Special tokens have been added in the vocabulary, make sure the associated word embeddings are fine-tuned or trained.
Loading LLaVA from base model...
/user/anaconda3/envs/mm_iglu_it/lib/python3.10/site-packages/huggingface_hub/file_download.py:1132: FutureWarning: `resume_download` is deprecated and will be removed in version 1.0.0. Downloads always resume when possible. If you want to force a new download, use `force_download=True`.
warnings.warn(
Loading checkpoint shards: 0%| | 0/4 [00:00<?, ?it/s]
Traceback (most recent call last):
File "/user/mm-iglu-it/./scripts/merge_lora_weights.py", line 22, in <module>
merge_lora(args)
File "/user/mm-iglu-it/./scripts/merge_lora_weights.py", line 8, in merge_lora
tokenizer, model, image_processor, context_len = load_pretrained_model(args.model_path, args.model_base, model_name, device_map='cpu')
File "/user/mm-iglu-it/llava/model/builder.py", line 64, in load_pretrained_model
model = LlavaLlamaForCausalLM.from_pretrained(model_base, low_cpu_mem_usage=True, config=lora_cfg_pretrained, **kwargs)
File "/user/anaconda3/envs/mm_iglu_it/lib/python3.10/site-packages/transformers/modeling_utils.py", line 3682, in from_pretrained
) = cls._load_pretrained_model(
File "/user/anaconda3/envs/mm_iglu_it/lib/python3.10/site-packages/transformers/modeling_utils.py", line 4109, in _load_pretrained_model
new_error_msgs, offload_index, state_dict_index = _load_state_dict_into_meta_model(
File "/user/anaconda3/envs/mm_iglu_it/lib/python3.10/site-packages/transformers/modeling_utils.py", line 887, in _load_state_dict_into_meta_model
set_module_tensor_to_device(model, param_name, param_device, **set_module_kwargs)

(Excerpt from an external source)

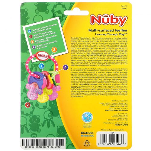 Описание товара Nuby, Soothing Teether, Icy Bite Keys, 3+ Months, Perfectly Pink, 1 Count
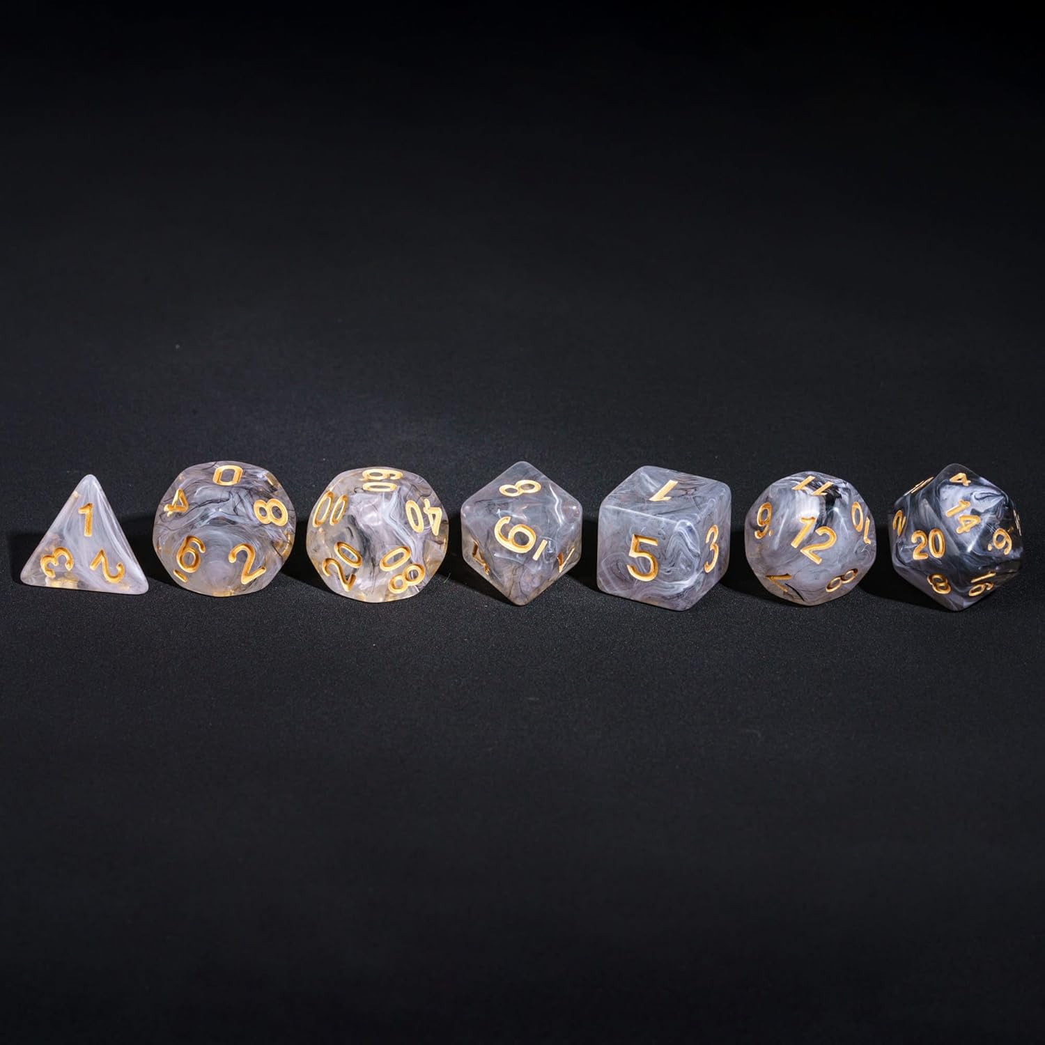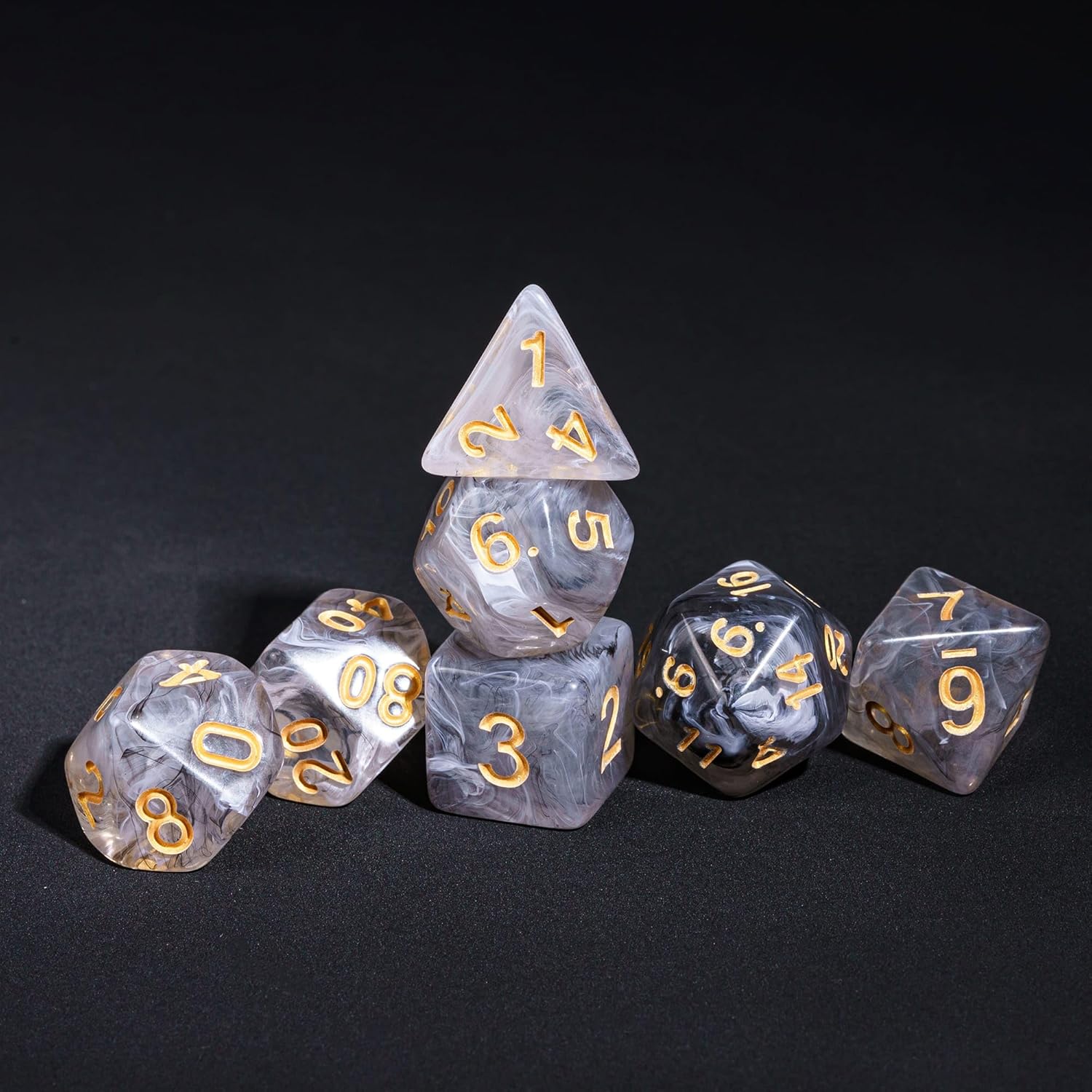 - Exquisite Design:Each dice is carefully sculpted with a transparent black and white mixed brushed effect. When viewed from a distance, it is as unique as a marble-like texture, while a closer look reveals a black and white intertwined brushed effect that flows as lightly as smoke, delivering a strong visual impact. Every detail showcases unparalleled craftsmanship and design, perfectly capturing the changing light and making it a work of art on every D&D player's desktop.

File "/user/anaconda3/envs/mm_iglu_it/lib/python3.10/site-packages/accelerate/utils/modeling.py", line 348, in set_module_tensor_to_device
raise ValueError(
ValueError: Trying to set a tensor of shape torch.Size([128257, 4096]) in "weight" (which has shape torch.Size([128256, 4096])), this look incorrect.
Finally, I even tried using the adapters (without merging) with the following script but I get the same identical error. The file llava/eval/test_llava.py is very similar to the inference script from the original LLaVA repo, but I made very little changes for my convenience (such as --prompt-version, --input-file-path, etc.).
TESTING CODE
# !/bin/bash
##################################### MODEL #####################################
PROMPT_VERSION="llama3"
MODEL_NAME="llava-LLaVA-Meta-Llama-3-8B-Instruct-FT-lora"
MODEL_BASE="LLaVA-Meta-Llama-3-8B-Instruct-FT"
################################## CHOOSE CUDA ##################################
export CUDA_VISIBLE_DEVICES=0
echo "CUDA is" ${CUDA_VISIBLE_DEVICES}
###################################### END ######################################
#################################### TESTING ####################################
deepspeed ./llava/eval/test_llava.py \
--model-path ./checkpoints/$MODEL_NAME \
--model-base /user/hf_models/$MODEL_BASE \
--model-name $MODEL_NAME \
--prompt-version $PROMPT_VERSION \
--input-file-path ./data/test.json \
--image-path ./data/images
Do you have any idea what I am doing wrong? I can't find anything online.